Well, if you are saying that 40Hz is the speaker's -3dB point from a reference of 90dB at 100Hz, then I'd say yes. You would get 87dB at 40Hz. I guess the technical answer would be that a speaker's -3dB point is the frequency at which SPL is 3dB below the speaker's maximum SPL.

Does this make sense?

Brian
 

Bryan Acevedo

Second Unit
Joined
Aug 7, 2001
Messages
290
Let me clarify.

What I meant by full range was just a base reference level - not necessarily Dolby Digital Reference Level. It could be 80 db, or 70 db, or whatever - it is whatever level you are inputting to the amp.

So basically, what I am saying is that if you gave a speaker a test tone, that was at a constant of 80 db from 20 Hz to 20 kHz, and your speaker's -3 db point was at 32 Hz, you would get a 77 db output level at 32 Hz, and at 80 Hz it would be 80 db.

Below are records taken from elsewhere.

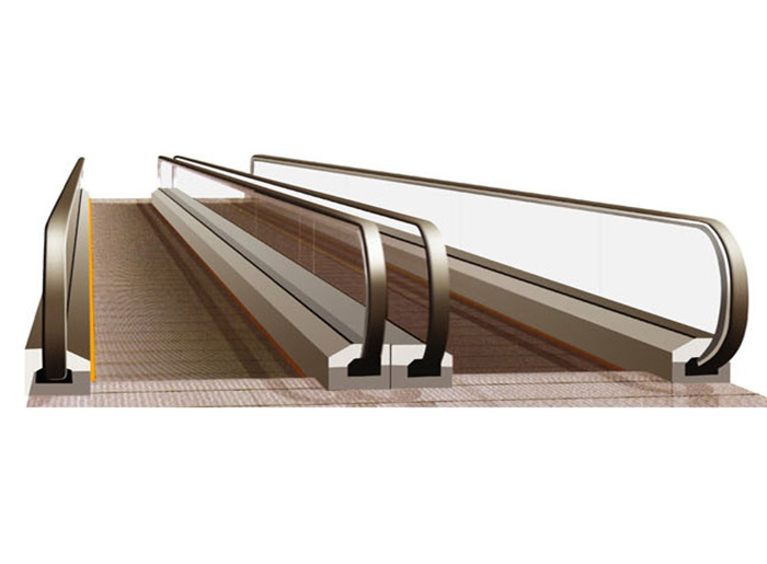 自動人行步道是指帶有循環(huán)運行(板式或帶式)走道,用于水平或傾斜角度不大于12°運送乘客的固定電力驅(qū)動設備。自動人行道適用于車站、碼頭、商場、機場、展覽館和體育館等人流集中的地方。出現(xiàn)于20世紀初。結(jié)構(gòu)與自動扶梯相似,主要由活動路面和扶手兩部分組成。通常,其活動路面在傾斜情況下也不形成階梯狀。按結(jié)構(gòu)形式可分為踏步式自動人行道(類似板式輸送機)、膠帶式自動人行道(類似帶式輸送機)和雙線式自動人行道。為了達到與自動扶梯零部件通用和經(jīng)濟性的目的,常采用梯級結(jié)構(gòu)和相同的扶手結(jié)構(gòu)。扶手應與活動路面同步運行,以保乘客安全。自動人行道的運行速度、路面寬度和輸送能力等均與自動扶梯相近,最大傾角一般不超過12°。
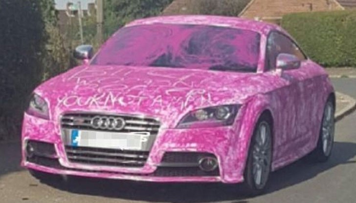 Разгневена жена си отмъсти доста публично и жестоко на своя „биещ я мъж”, като боядиса скъпарското му Audi ТТ с розова боя и издълба в боята послания. Едно от тях гласи: „Ти не си мъж”. Возилото, което би трябвало да е бяло, е било забелязано от местни жители в селището Флакуел Хийт във Великобритания.
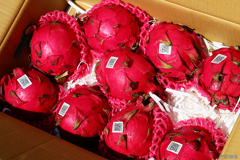 每顆火龍果上都貼有品牌的 QR code
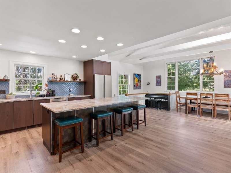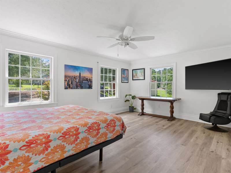 Unique and rare opportunity for riverfront living in Arden. Completely remodeled in 2024, this home offers a rare blend of modern design, versatile living spaces, and 226 feet of pristine French Broad River frontage?all on a subdividable 2.5-acre lot. With over 4,700 square feet, 4 bedrooms, and 4 baths, it's perfectly suited for both full-time living and entertaining. The home's open floor plan showcases soaring 14-foot ceilings and more than 20 windows that bathe the interiors in natural light. Facing west, the residence is perfectly positioned to capture breathtaking sunsets pouring into the main living spaces. At the heart of the home, a chef's kitchen features premium finishes and flows seamlessly into the dining and living areas, then out to a private deck overlooking the expansive backyard and riverfront.The lower level, with a separate address (213 Pinner Road) and its own entrance and full kitchen, offers an ideal in-law suite, guest quarters, or rental opportunity. A permitted detached 2-car garage provides convenience and flexibility, while a new whole-house generator with a 500-gallon propane tank ensures peace of mind.Outdoors, enjoy level acreage that leads gently to the river's edge?perfect for kayaking, fishing, or simply relaxing by the water. The property's size and subdivision potential make it a truly unique investment. With no HOA restrictions and legal approval for short-term rentals, this home presents exceptional income potential as well as lifestyle flexibility.Located just minutes from Asheville, Hendersonville, and Brevard?and only 5 minutes from the airport?this property combines accessibility with the tranquility of true riverfront living. A rare opportunity to own a move-in-ready estate that blends modern luxury, investment potential, and timeless mountain charm.
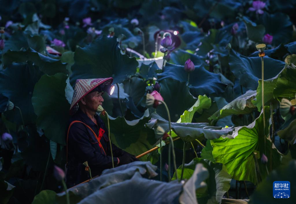 7月18日清晨,建德市大慈岩镇的果莲种植户在千亩荷塘里采摘莲蓬,经过分拣、包装后新鲜莲子当天就发往各地市场。
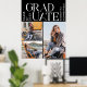 Graduação 2025 Foto Colage Black and White Retractable Banner comemorando suas conquistas. Adicione suas fotos de graduação favoritas ou quaisquer fotos que você mais ame para criar uma colagem de fotos simples com estilo de grade. Adicione seu nome ou nome de formando, faculdade e classe em tipografia branca sobre fundo preto.

If it's -3 db point was say 70 Hz, then you would get 77 db at 70 Hz and 80 db at 80 Hz.

But then everyone assumes that the speaker has no output at 40 Hz. This speakers -12 db point could be at 40 Hz, we don't know unless we were to measure it. It could even be -6 db at 40 Hz.

So, lets say you take that full range signal I was talking about earlier, and you pass it through an 80 Hz High Pass Crossover. Now, at 40 Hz, this speaker only has to play a signal that is 12 db quieter than the rest of the signal. So it only needs to be able to play at 68 db at 40 Hz, which this speaker could be capable of, but we don't know only based on its -3 db point of 70 Hz. Some speakers roll off gradually, and some speakers roll off sharply.

So my point is that the whole assumption that a speaker with a -3 db point greater than 40 Hz will not work when passed through a 80 Hz High Pass Crossover does not hold up. This could be true in practice if the speaker couldn't even play a -12 db signal at 40 Hz, but I would guess that most can do this.

My guess is this is one reason why SVS doesn't rate their subs like this, as it is misleading and confusing. And the only thing that matters is what the speaker does in the real world, not on paper.